Google Putting ‘Finishing Touches’ on iOS Maps App

Google has been rumored to be preparing to return its Maps application for the iPhone and iPad.

Recent reports suggest that the searching giant s is putting the final touches on its Maps app for iOS running devices. Photo: Steve Garfield/Flickr

The head-to-head battle between Apple Inc. and Google Inc. in mobile market is drawing nearer as Google Inc. is putting the final touches on its Maps app for iOS before submitting it to Apple’s iTunes for approval.

According to The Wall Street Journal, the software, which is already being tested by Google specialist, is “expected to contain” turn-by-turn navigation, just like its Android counterpart.

The new feature was said to be one of the main sticking points in negotiations between the two giants that led to the Cupertino based company creating its own mapping software.

The news comes  a few days after Nokia announced that it has developed its own maps offering for iOS called Here Maps. The mentioned software, believed to compete with Apple’s homegrown mapping app, will be released in the next few weeks.

“We believe Google Maps are the most comprehensive, accurate and easy-to-use maps in the world,” a Google spokesperson commented on the issue.

“Our goal is to make Google Maps available to everyone who wants to use it, regardless of device, browser, or operating system,” he added.

Meanwhile, an Apple spokesman refused to reveal any details considering apps that haven’t been submitted for approval. The iPhone maker has recently approved some new or updated Google apps.
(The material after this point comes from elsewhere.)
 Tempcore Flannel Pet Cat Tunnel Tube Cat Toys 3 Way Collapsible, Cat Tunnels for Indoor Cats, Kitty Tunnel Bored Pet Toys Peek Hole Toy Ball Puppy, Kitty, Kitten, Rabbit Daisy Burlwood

However, the company’s insiders told reporters earlier this month they were not optimistic that the iOS Google Maps app, when finished, would ever see the light of day.
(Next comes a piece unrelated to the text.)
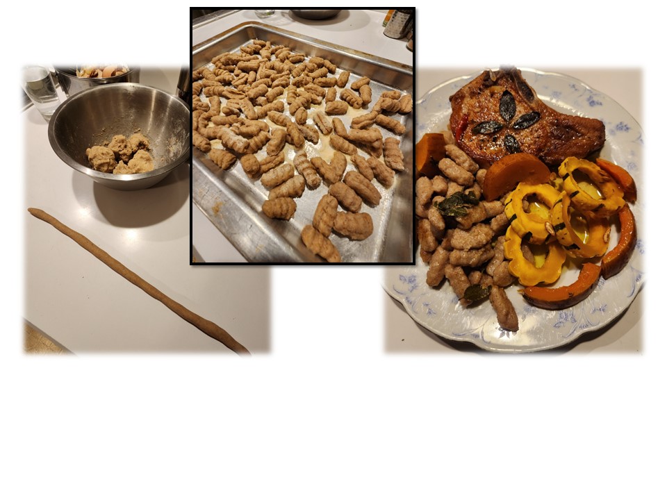 I attended a seminar where I learned all about rye grains, and the various things you can make with it. I was also given a bag of freshly milled ancient grain flour by the farmer who grew it! Thank you Wild Hive Farm for this bag of freshly stone milled flour. This batch came out good, but there is still room for improvement. Next time, I will add a little milk to the dough, use less mashed potato, and work the dough a little longer so the gnocchi are a bit firmer.
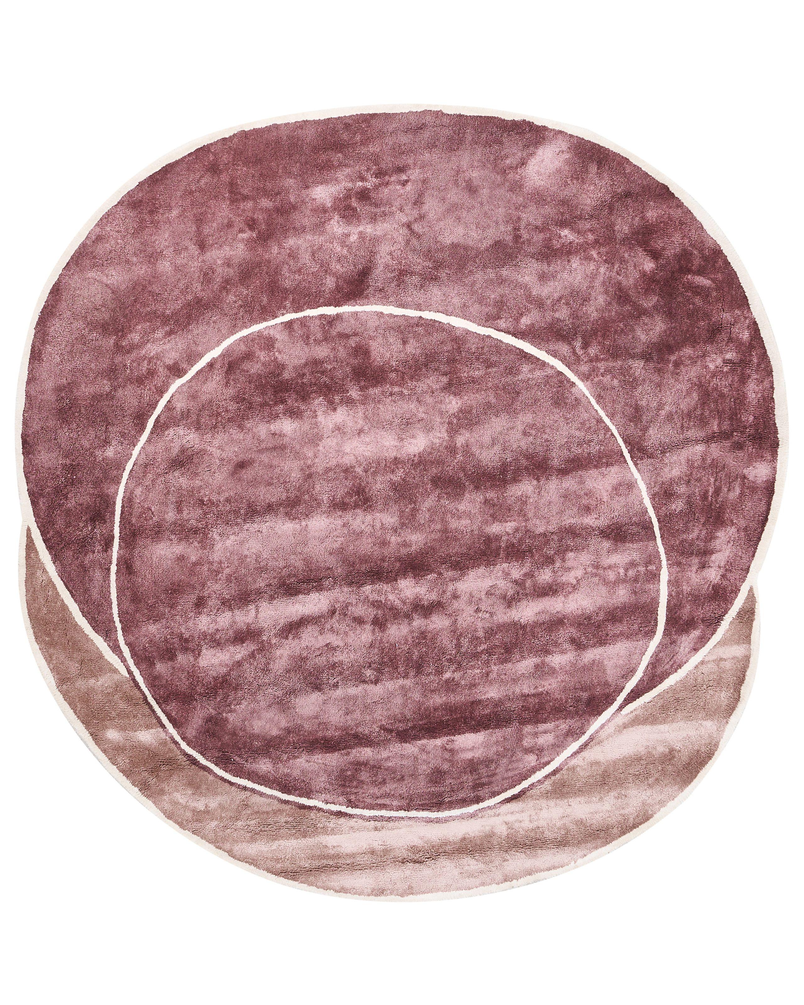 Tapis rond en viscose et laine. Ornez votre intérieur avec ce tapis fabriqué à la main, une décoration indispensable pour tout intérieur moderne. Il attire l'attention grâce à sa combinaison de couleurs unique, mélangeant des tons de rose, avec un bord beige plus clair - ainsi qu'à sa forme irrégulière. Le tapis est très doux et agréable au toucher, ce qui en fait une pièce maîtresse parfaite pour votre espace de vie.

The comments can be easily explained by the fact that Google’s expected software for Apple devices is the latest in a maps-applications fracas between the companies, which are constantly competing in everything starting from mobile devices to digital-media sales.
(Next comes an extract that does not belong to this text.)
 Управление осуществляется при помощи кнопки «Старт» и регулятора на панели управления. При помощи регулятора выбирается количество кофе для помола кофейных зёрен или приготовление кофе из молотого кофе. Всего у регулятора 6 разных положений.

Maps apps are considered to be one of the most important elements in the future of computing as they will power the next-generation mobile apps that help people find places to visit and where to shop, among other things.

This September saw the release of the highly anticipated iPhone and iPad software called iOS 6 that included a Google Maps app that was preinstalled on its mobile devices with Apple’s own mapping software.

The Californian company also removed Google’s YouTube video app, which similarly had been preinstalled on all of the devices. Both preinstalled Google apps had been built by Apple with Google data.

Unfortunately for the giant, numerous consumers complained Apple’s version was riddled with inaccurate data, as Google’s transit-based directions, were severely limited in the new Apple software.

Which is more, many locations around the world were either populated with inaccurate data about local points of interest, or simply missing.

Apple’s CEO Tim Cook even had to apologize for the company’s crappy version of maps application. “At Apple, we strive to make world-class products that deliver the best experience possible to our customers,” he wrote on Apple’s official website.

“With the launch of our new Maps last week, we fell short on this commitment. We are extremely sorry for the frustration this has caused our customers and we are doing everything we can to make Maps better.”

Google’s Executive Chairman Eric Schmidt said at the time that Apple users shouldn’t expect to get the Google Maps app back any time soon.

“In my opinion it would have been better to retain our maps,” he reportedly told reporters. “It’s their decision, I’ll let them describe it.”